Greg Sutcliffe
2019-01-15
The Data Science Specialization Capstone tasks us with building a text prediction application, based on a corpus of text drawn from blogs, news articles, and Twitter tweets.
The premise is to build a predication model which accepts a string of text, and outputs the next word to use in the sentence. This could be something that would potentially be used in a mobile application, so memory usage and speed of execution are considerations.
In this presentation, we'll go over the dataset generation process, the model selection, the prototype application itself, and some potential next steps.

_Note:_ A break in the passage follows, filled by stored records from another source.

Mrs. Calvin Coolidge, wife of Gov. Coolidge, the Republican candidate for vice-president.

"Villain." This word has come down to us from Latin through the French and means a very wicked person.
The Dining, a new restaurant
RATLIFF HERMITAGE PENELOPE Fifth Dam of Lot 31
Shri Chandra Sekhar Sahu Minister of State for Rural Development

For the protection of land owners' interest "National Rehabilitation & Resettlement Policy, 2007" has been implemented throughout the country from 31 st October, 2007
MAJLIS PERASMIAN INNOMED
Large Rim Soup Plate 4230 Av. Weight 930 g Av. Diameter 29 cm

The corpus of text is large, in total comprising 4,269,678 lines (file size is 557Mb). This requires a significant amount of memory and CPU time to process. The data processing follows the following flow:
tidytext package to extract the 4-word-gramsn=1This is time-consuming - 20% of the corpus took approximately 4 hours to parse on my laptop. However, the chosen model depends strongly on the quantity of text available to it, so I choose to spend a large amount of time on this processing step, to make the execution faster instead.
The model selected for this application is a Stupid Backoff model which is defined as:
\[ S(w_i|w_{i-k+1}^{i-1}) = \begin{cases} \frac{count(w_{i-k+1}^{i})}{count(w_{i-k+1}^{i-1})}, & \mbox{if } count(w_{i-k+1}^{i})\mbox{ is > 0} \\ \lambda S(w_i|w_{i-k+2}^{i-1}), & \mbox{otherwise} \end{cases} \]

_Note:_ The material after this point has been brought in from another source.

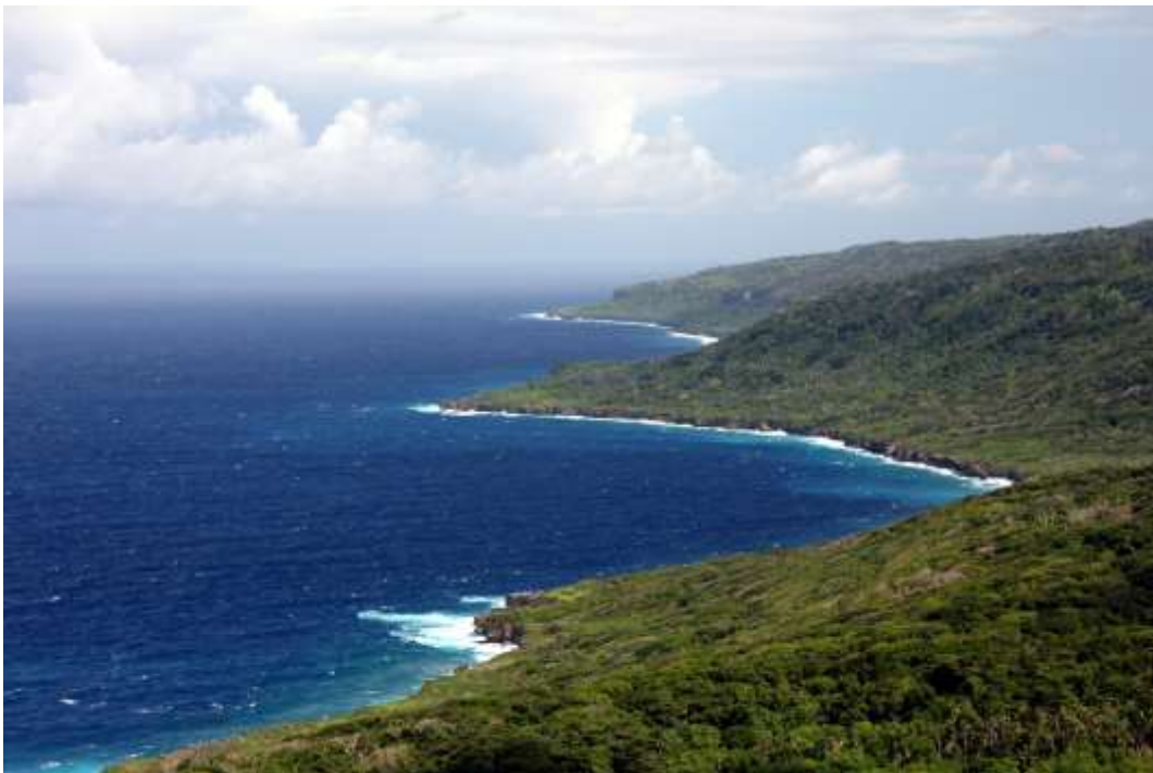
Sout Point coastline, Christmas Island

Please refer enquiries by email to: indianoceanterritories@infrastructure.gov.au , or by phone to 02 6274 6614.

With \( \alpha \) set to the recommend value of 0.4. This model was chosen as it is very simple (i.e. fast), but it requires a large table of ngrams to function well, hence the focus on dataset generation.
The final frequency table weighs in at 292Mb, which should fit in the memory of most mobiles, and returns predictions in well under a second, which feels good to the user.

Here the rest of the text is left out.